Top of INPUT MATERIAL

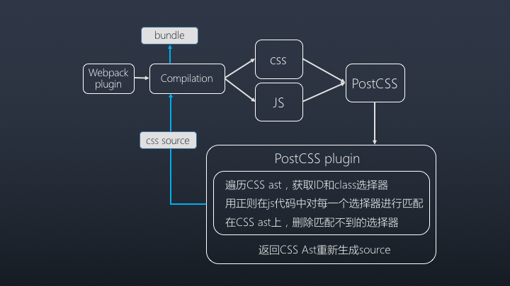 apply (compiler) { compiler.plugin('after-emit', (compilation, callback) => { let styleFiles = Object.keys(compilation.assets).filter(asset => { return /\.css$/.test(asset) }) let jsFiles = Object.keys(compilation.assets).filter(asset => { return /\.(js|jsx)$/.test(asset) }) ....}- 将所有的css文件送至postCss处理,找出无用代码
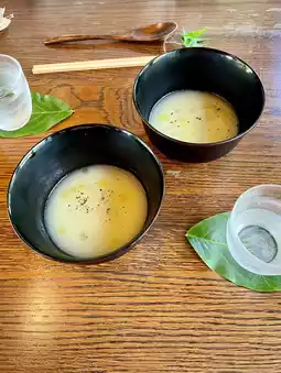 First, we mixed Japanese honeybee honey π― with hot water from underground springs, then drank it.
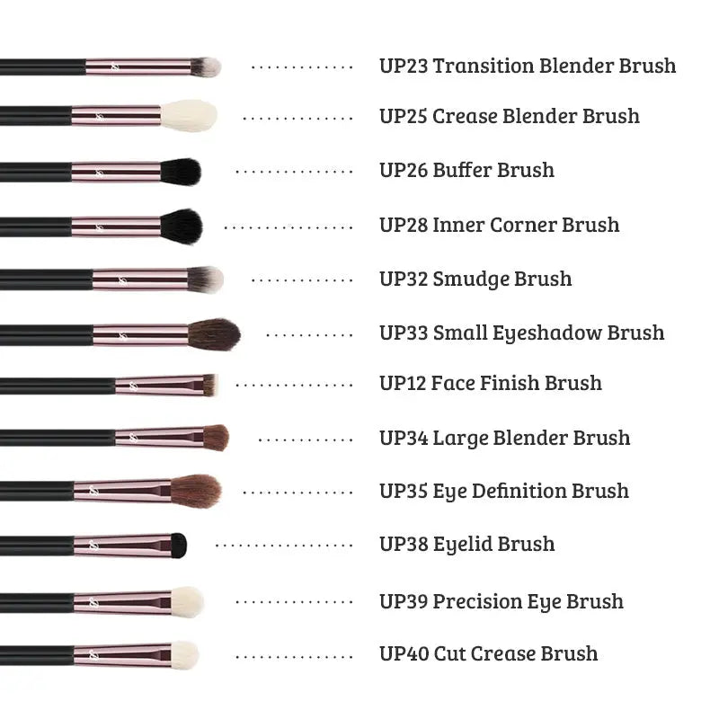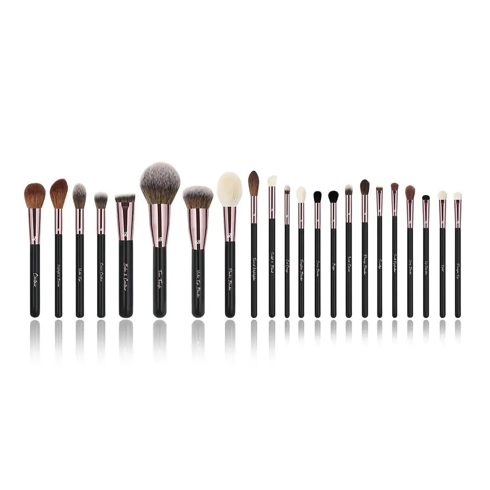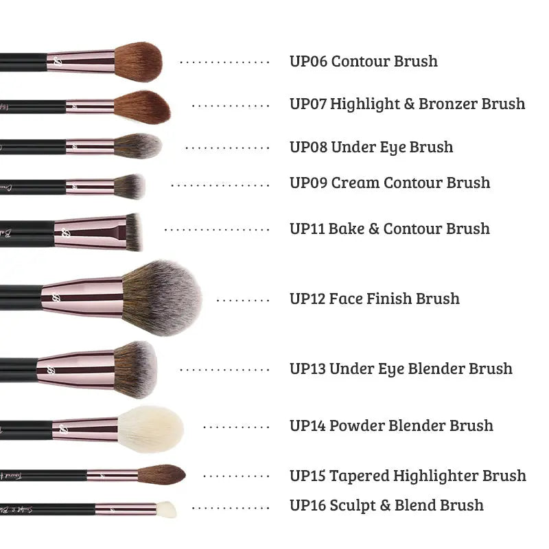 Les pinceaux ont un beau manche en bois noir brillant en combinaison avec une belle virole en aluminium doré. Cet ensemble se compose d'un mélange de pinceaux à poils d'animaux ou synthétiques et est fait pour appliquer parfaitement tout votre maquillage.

Bottom of INPUT MATERIAL
Top of INPUT MATERIAL

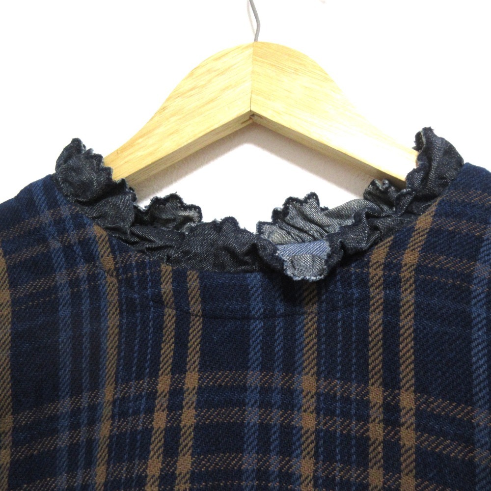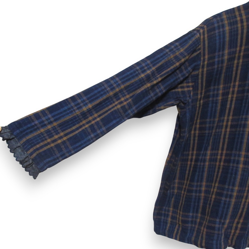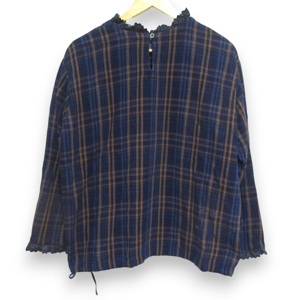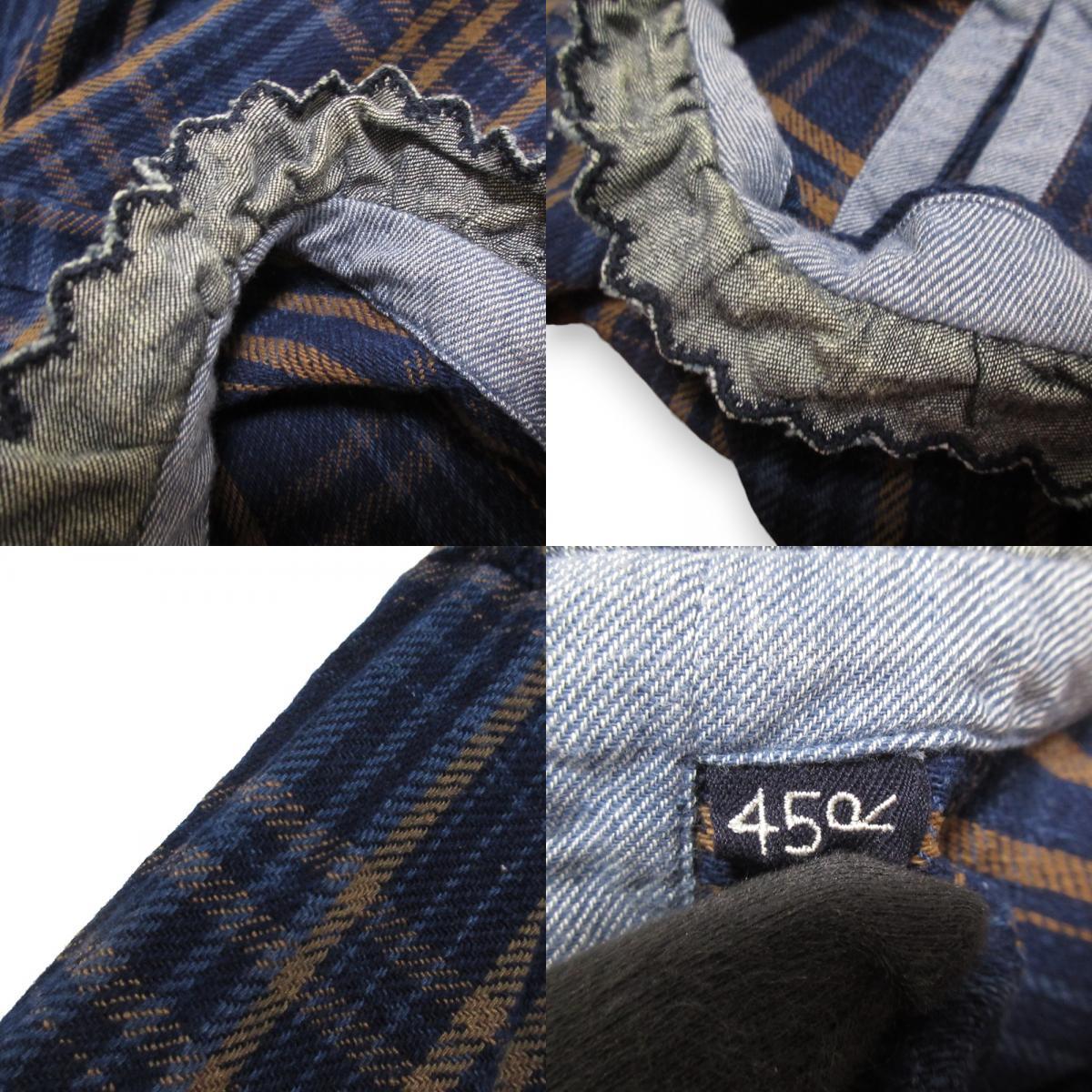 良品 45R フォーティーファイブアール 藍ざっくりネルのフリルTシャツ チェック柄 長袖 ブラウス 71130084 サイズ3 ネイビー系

Bottom of INPUT MATERIAL

WHAT TO WORK ON: Write out, word for word, the stretch of entries that begins at the line with "First, we mixed" and ends at the line with "Les pinceaux ont". Pictures do not belong in it.

ANSWER AREA:
 First, we mixed Japanese honeybee honey π― with hot water from underground springs, then drank it.
 Les pinceaux ont un beau manche en bois noir brillant en combinaison avec une belle virole en aluminium doré. Cet ensemble se compose d'un mélange de pinceaux à poils d'animaux ou synthétiques et est fait pour appliquer parfaitement tout votre maquillage.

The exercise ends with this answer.